Lorde always seemed destined for more than “Royals”. While her biggest hit to date introduced the world to her trademark minimal production and sharp, casually caustic songwriting, the 2013 single never quite did justice to the young New Zealand singer’s full appeal. Her unpretentious explorations of adolescence and life transition were better expressed elsewhere on her debut, Pure Heroine, with songs like the earnest “Buzzcut Season” and the dark, doomed teen romance of “Tennis Court”. These tracks pointed to an emerging, idiosyncratic artist who inflected radio pop with a rare strain of candidness, boldly scaling her music to the proportions and limitations of everyday life where most went for stadium-sized universality.
The release of her long-anticipated sophomore effort Melodrama recalls the artistic trajectory of another singer who rose to pop prominence as a teenager, Fiona Apple. If “Royals” was Lorde’s “Criminal”, a smash hit that nonetheless elided her best talents, Melodrama is her When the Pawn Hits…. While more pop-oriented and, ironically, less angst-ridden than Apple’s masterpiece, Melodrama is a similarly incisive follow-up that hones the deeper cuts from her debut and functions best as a full album.

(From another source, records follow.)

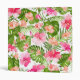 Beautiful green & pink tropical leaves & flowers, seamless repeat pattern
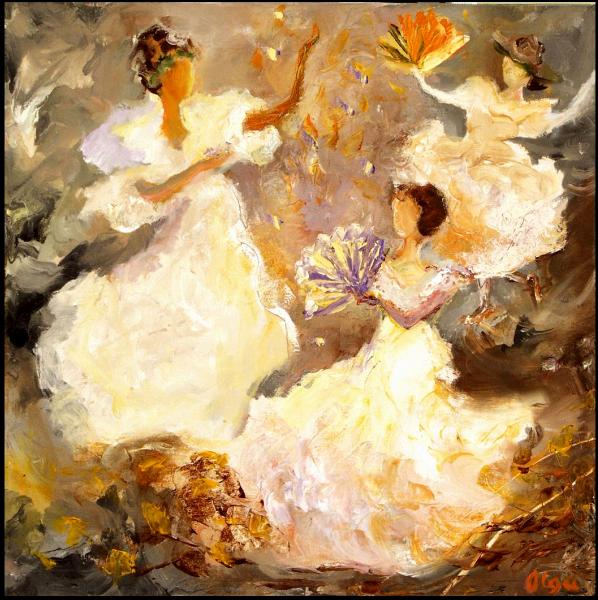 She calls what she does color dance because it appears, at least to her, that the color is, in fact, dancing. She hopes art lovers feel the same, that they're willing to share a waltz or a tango with her art...."
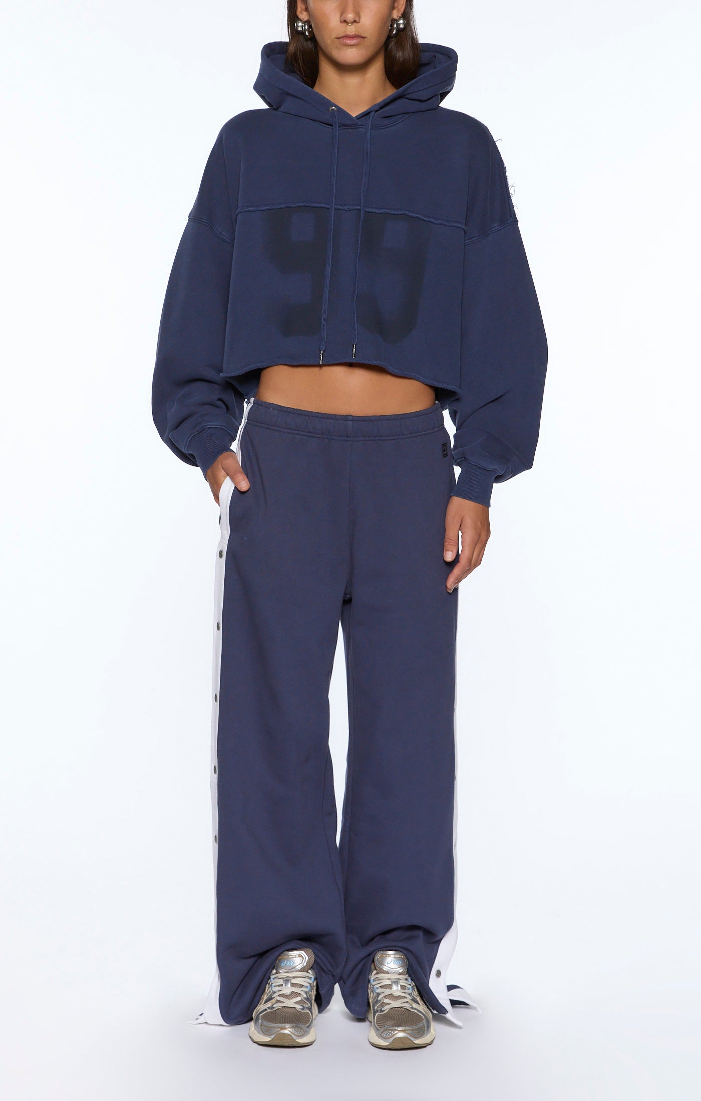 Oversized fit hoodie with dropped shoulder, long sleeve and cropped length. Featuring rib cuffs and raw edge yoke seam detail. Featuring exclusive Ksubi '99' ghost patch and embroidered outline on front. Made from a premium loopback cotton fleece in 'Ink Blue' colourway. Features Ksubi 'SOTT' label on wearer's left sleeve and T-box embroidery on back.
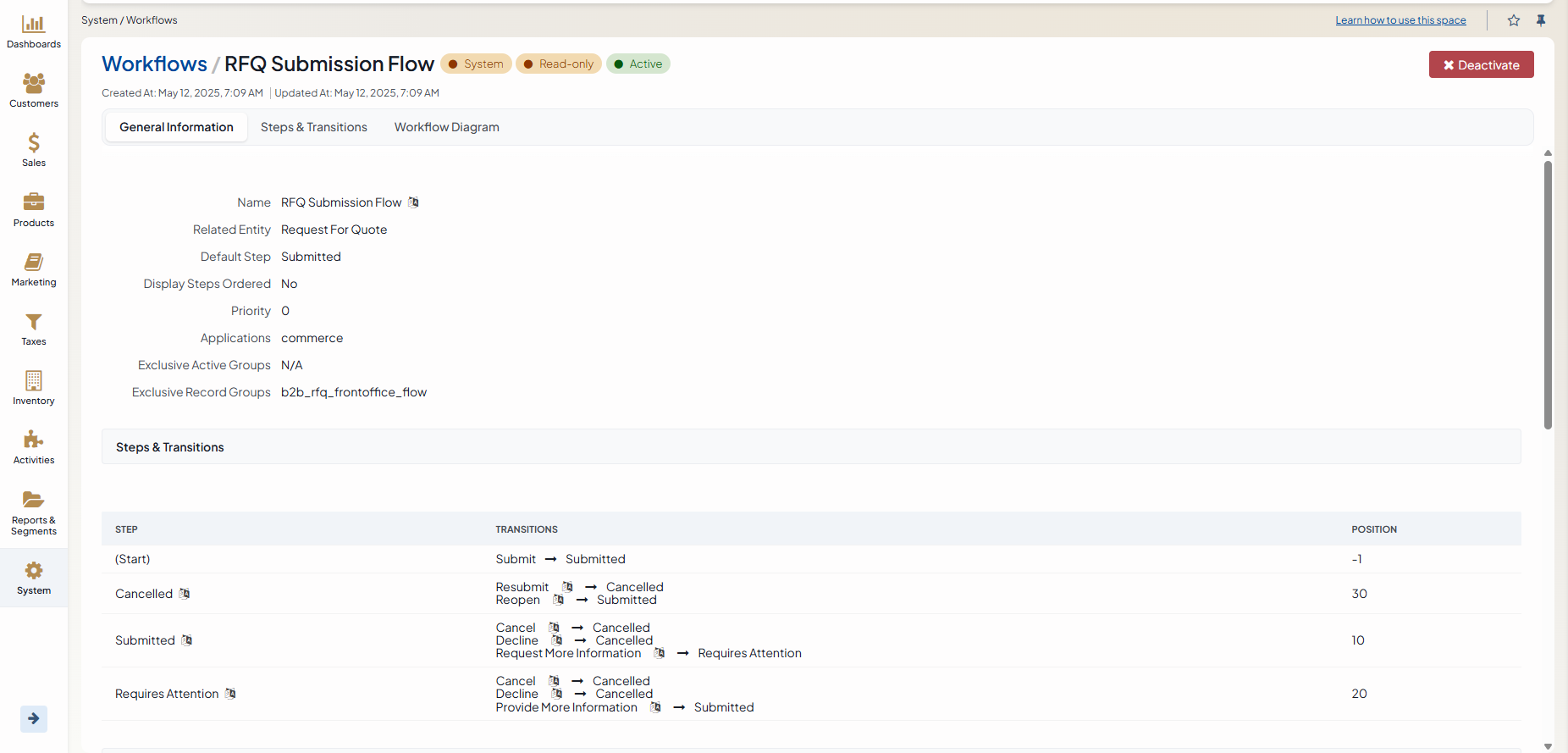 On the RFQ Submission Flow page, you can disable the workflow by clicking Deactivate the workflow.
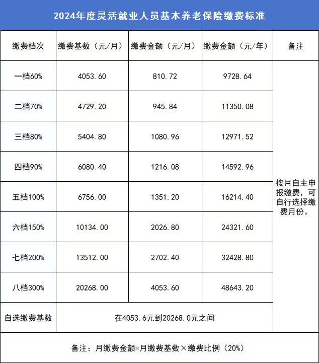 无雇工的个体工商户、未在用人单位参加养老保险的非全日制从业人员或其他灵活就业人员参加企业职工基本养老保险,可在缴费基数上下限之间选择适当的缴费基数缴费,月缴费金额=月缴费基数×缴费比例(20%)。因此,2024年参加企业职工基本养老保险的灵活就业人员可在4053.60元至20268.00元之间自主选择缴费基数进行缴费,每月最低缴费810.72元,最多缴费4053.60元。

Lorde continues to mine the uncertainties of youth, the tribulations of romance, and an ambivalence toward partying as her primary source material. While the triumphant piano pop of “Green Light” may have served as the world’s rapturous introduction to the album, it is perhaps the moody, sultry “Sober” that best encapsulates Melodrama as a whole. The song introduces themes of interdependence and possessiveness, captured by a particularly colorful retelling of “Jack and Jill”, that surface regularly throughout the album, as on “The Louvre” and the unhinged ballad “Writer in the Dark”.
As timeless and broadly relatable as these romantic ruminations can be, Lorde also situates the album in a particular moment in time, speaking to the instability, uncertainty, and demoralization so many young people face and the efforts they may take to escape. “Perfect Places” is a case in point: Lorde rips open the surface of a summer spent reveling to reveal the desperation underneath. “We are young and we’re ashamed… All our heroes fading / Now I can’t stand to be alone,” she sings, her candor striking on such a joyful-sounding track. Lorde often positions herself as a representative of jaded and disenfranchised millennials and does a surprisingly decent job pulling it off, cheekily dubbing herself part of the “loveless generation” on “Hard Feelings/Loveless”.
Beyond its lyrical concerns, Melodrama is also an exquisite feast of sound. Confident enough to allow for slow, measured pacing, the album’s restraint and relative brevity enhance its message and convey a self-contained singularity. The hip-hop and R&B-inspired beats often serve more as texture than propulsive rhythm, especially when combined with the gothic grandeur of “Homemade Dynamite”, stabs of guitar on “The Louvre”, or sumptuous strings on “Sober II (Melodrama)”.
Now more than ever, Lorde shows herself adept at telegraphing the stylistic mindsets of other iconic pop stars without ever betraying her own individuality. Her stuttered pronunciation of “d-d-d-dynamite” on “Homemade Dynamite” recalls the winking affectations of Lana Del Rey, while “Sober” brings to mind True Romance-era Charli XCX. In subsuming these influences into her own vision, the album paradoxically becomes all the more poignant, confident, and vital.
Melodrama finds Lorde producing the best work of her career so far, crafting an ambitious and uncompromising pop statement suffused with intensely personal artistry. Both jubilant and frightened, insecure and proud, the album establishes her as a pop star on her terms. She embraces her contradictions, and in so doing becomes vibrant, dynamic, and electric.